We are spinning a loop in the task that only stops when the task is cancelled. The only place we currently call cancel is in the deinit of the Example class so this loop is partly responsible for the cycle. The key thing to look for is who is taking a strong reference and what is the scope of that reference?

task = Task { [weak self] in        //
    guard let self else { return }  // - strong reference taken here
                                    //
    repeat {                        //
        performSomeWork()           //
    } while !Task.isCancelled       //
}                                   // - goes out of scope here

The problem we have looking at the scope is that the strong reference is in scope until the end of the function, but we have our repeat loop before the end of the function so we will never get to the end.

Breaking the cycle

There’s many ways to break the cycle - let’s look at a few

Change the scope of the strong reference

task = Task { [weak self] in            //
    repeat {                            //
        guard let self else { return }  // - strong reference taken here
        performSomeWork()               //
    } while !Task.isCancelled           // - goes out of scope here
}                                       //

If we move the guard inside the repeat then it will only take a strong reference for the body of repeat. This means that the strong reference is released and retaken each time through the loop. Due to the guard being evaluated fresh each time this allows the cycle to be broken.
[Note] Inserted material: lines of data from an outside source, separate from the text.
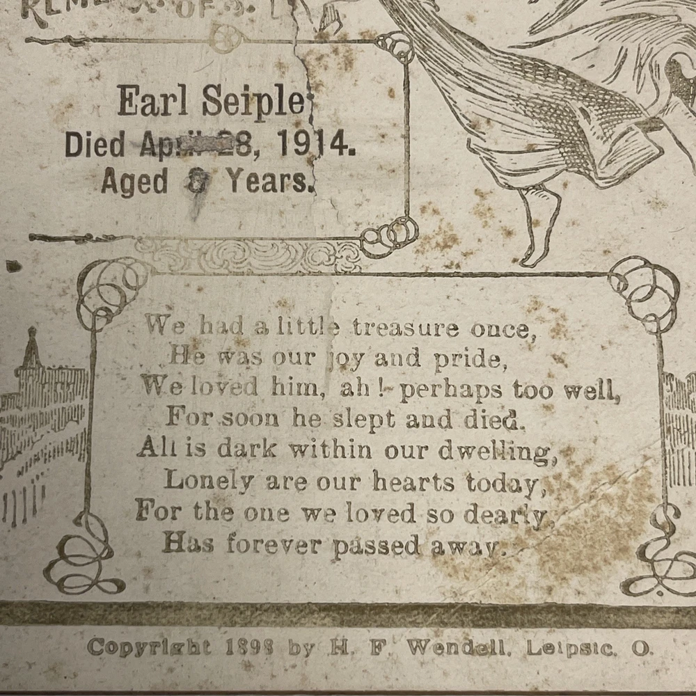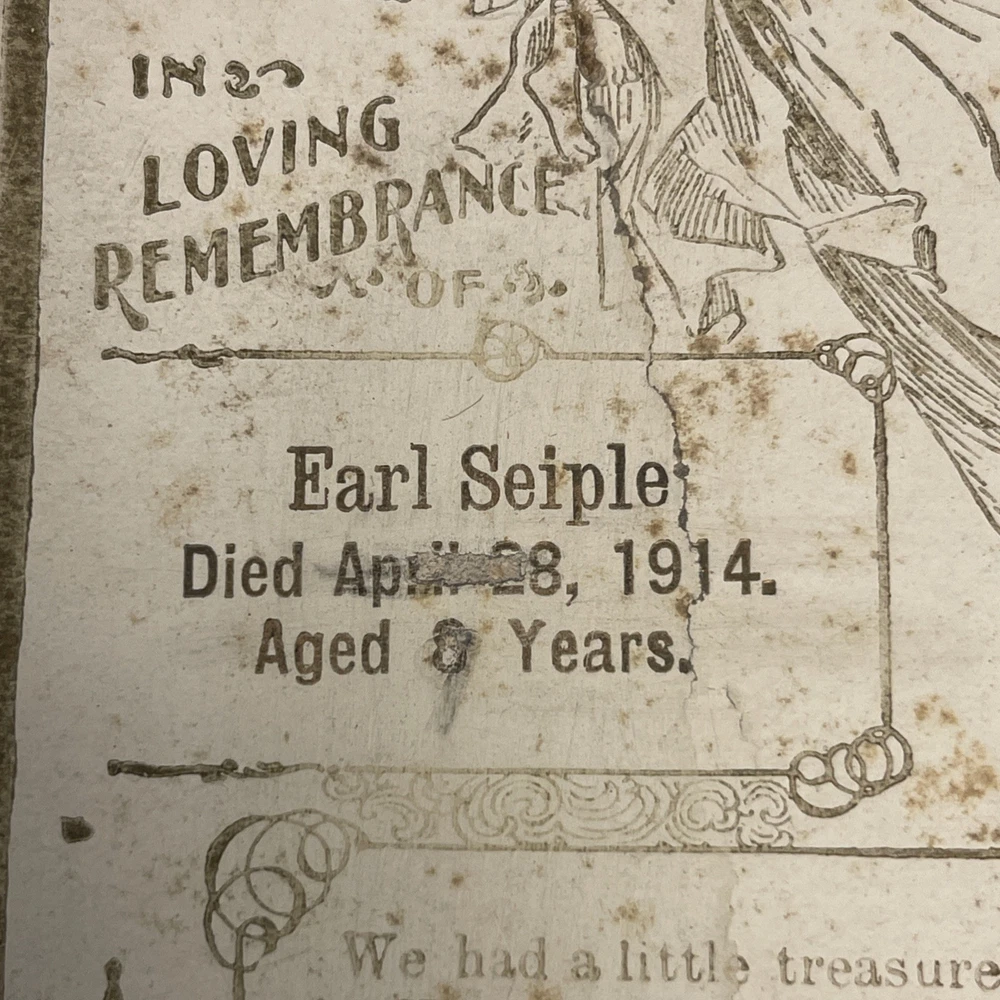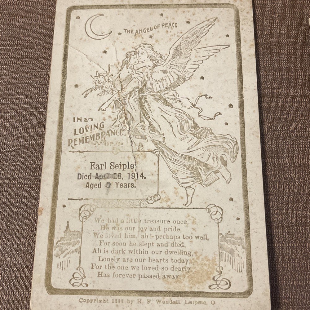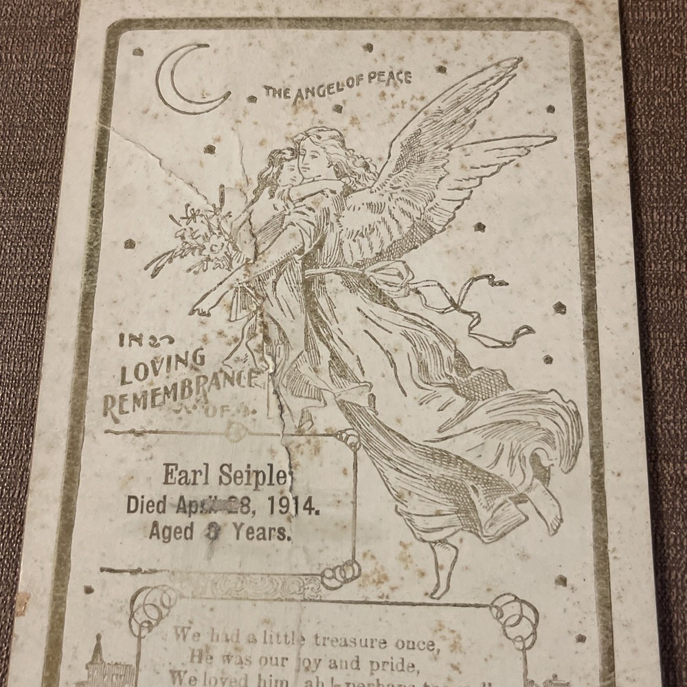 This product is an antique child death notice from 1914, designed in gold and white colors. It is a collectible item originating from the United States, likely serving as a heartfelt tribute or remembrance for a child who passed away. The paper ephemera captures a piece of history and serves as a sentimental keepsake for those who remember the child. T hank you for looking. This item is from a smoke free home. Please view all the photos. Check out all my other items.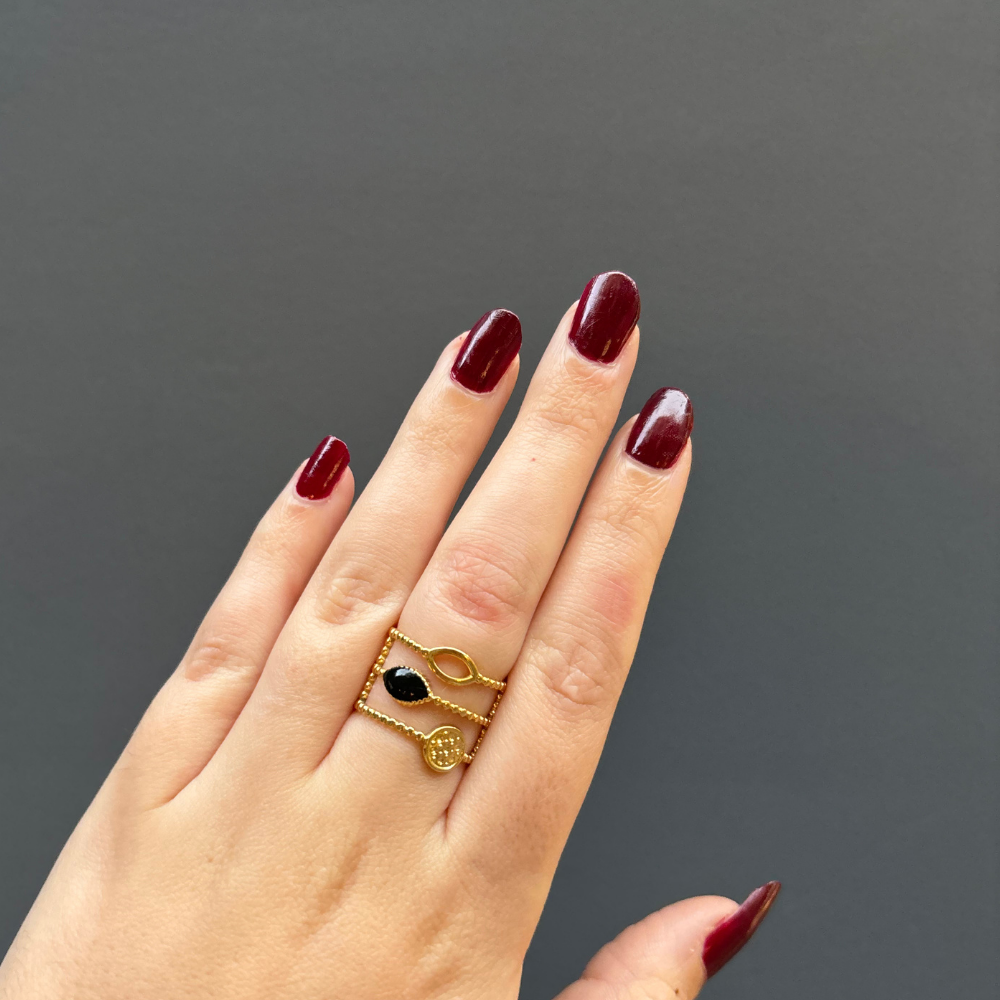Son design triple rang en acier inoxydable doré met en valeur une résine noire en forme de goutte, créant un contraste saisissant et harmonieux.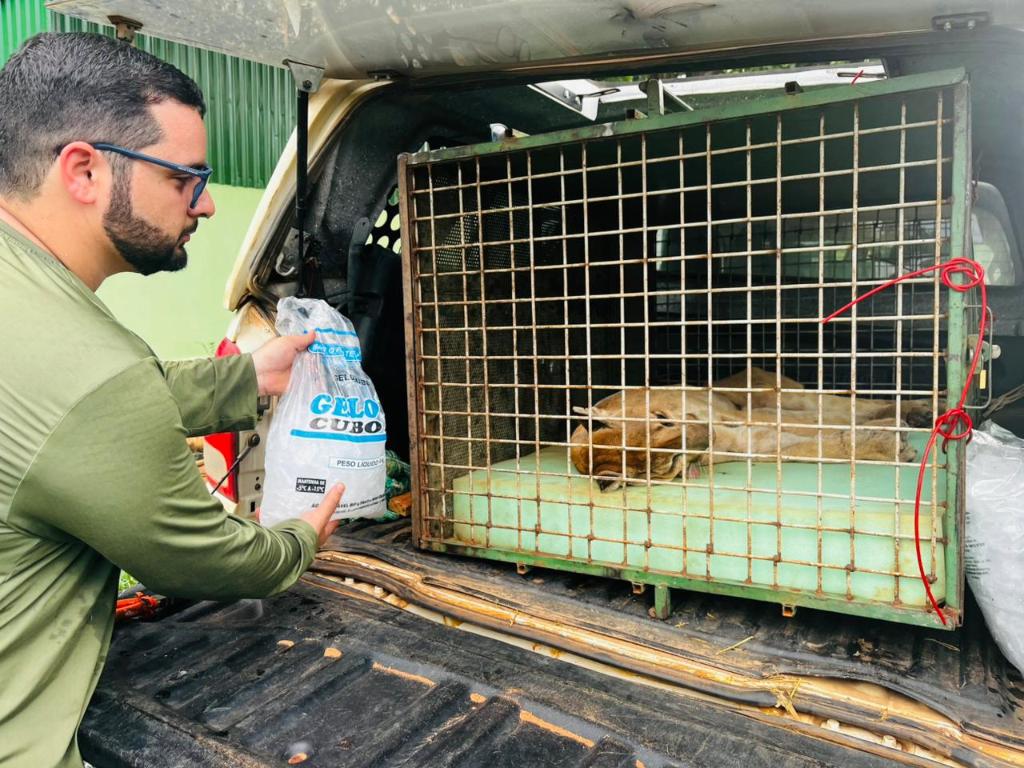Já a onça-parda foi resgatada adulta, com baixo peso e com prováveis traumatismos, na região de Barão de Melgaço. O traslado do animal resgatado foi realizado pela equipe da ONG Onçafari para Cuiabá, onde passou por atendimento na clínica veterinária Anjo da Guarda, conveniada à Sema.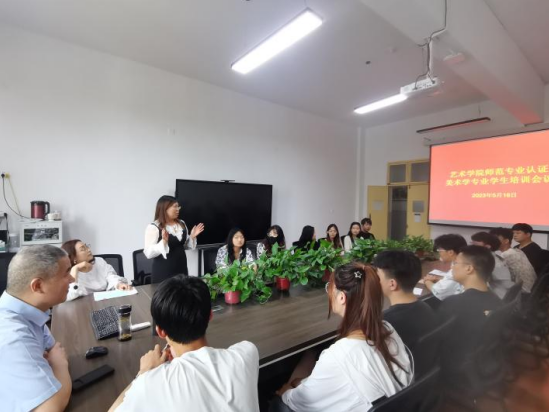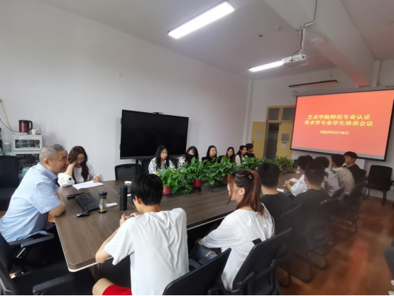 5月18日,在2208会议室召开Beat365中文官方网站师范专业认证美术学专业学生培训会议,出席会议的有Beat365中文官方网站副院长孙海洋、谢敏、周继业等老师,还有美术学专业2020、2021、2022级各班班长和学习委员。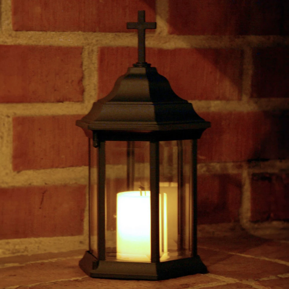Included is a post that is easy to push into the ground and a replaceable cross. The lantern is easy to change from a garden lantern to a grave lantern by unscrewing the hanging ring on the post and screwing in the cross. Instructions in Swedish included.

Use the weak reference everywhere

task = Task { [weak self] in
    repeat {
        self?.performSomeWork()
    } while !Task.isCancelled
}

In this example it looks pretty clean to do this but in real code you might not be able to have the nullability in which case you’d end up using guard or if let to unwrap things (just be careful on scope).

Manually break the cycle

task?.cancel()

For this you’d have to have some other code get a reference to the task and call cancel() at the appropriate time.

Be careful

Another thing you might try to break the cycle is using the capture groups.

task = Task { [performSomeWork] in
    repeat {
        performSomeWork()
    } while !Task.isCancelled
}

For this example we are back to retain cycle city. The issue is instance methods have an implicit reference to self so this won’t do the job.

The capture group would indeed work if we are getting a reference to something that doesn’t have a self reference for example instance properties.

You could write a unit to verify that the reference does not leak something like this. In this example though you’d need to add a short delay before you set the system under test to nil to ensure that the Task has had enough time to start working and take any strong reference you want to validate is held correctly.

Conclusion

Retain cycles are a pain and the ol’ chuck a weak on things doesn’t always work so it’s worth writing tests and using instruments to hunt things down.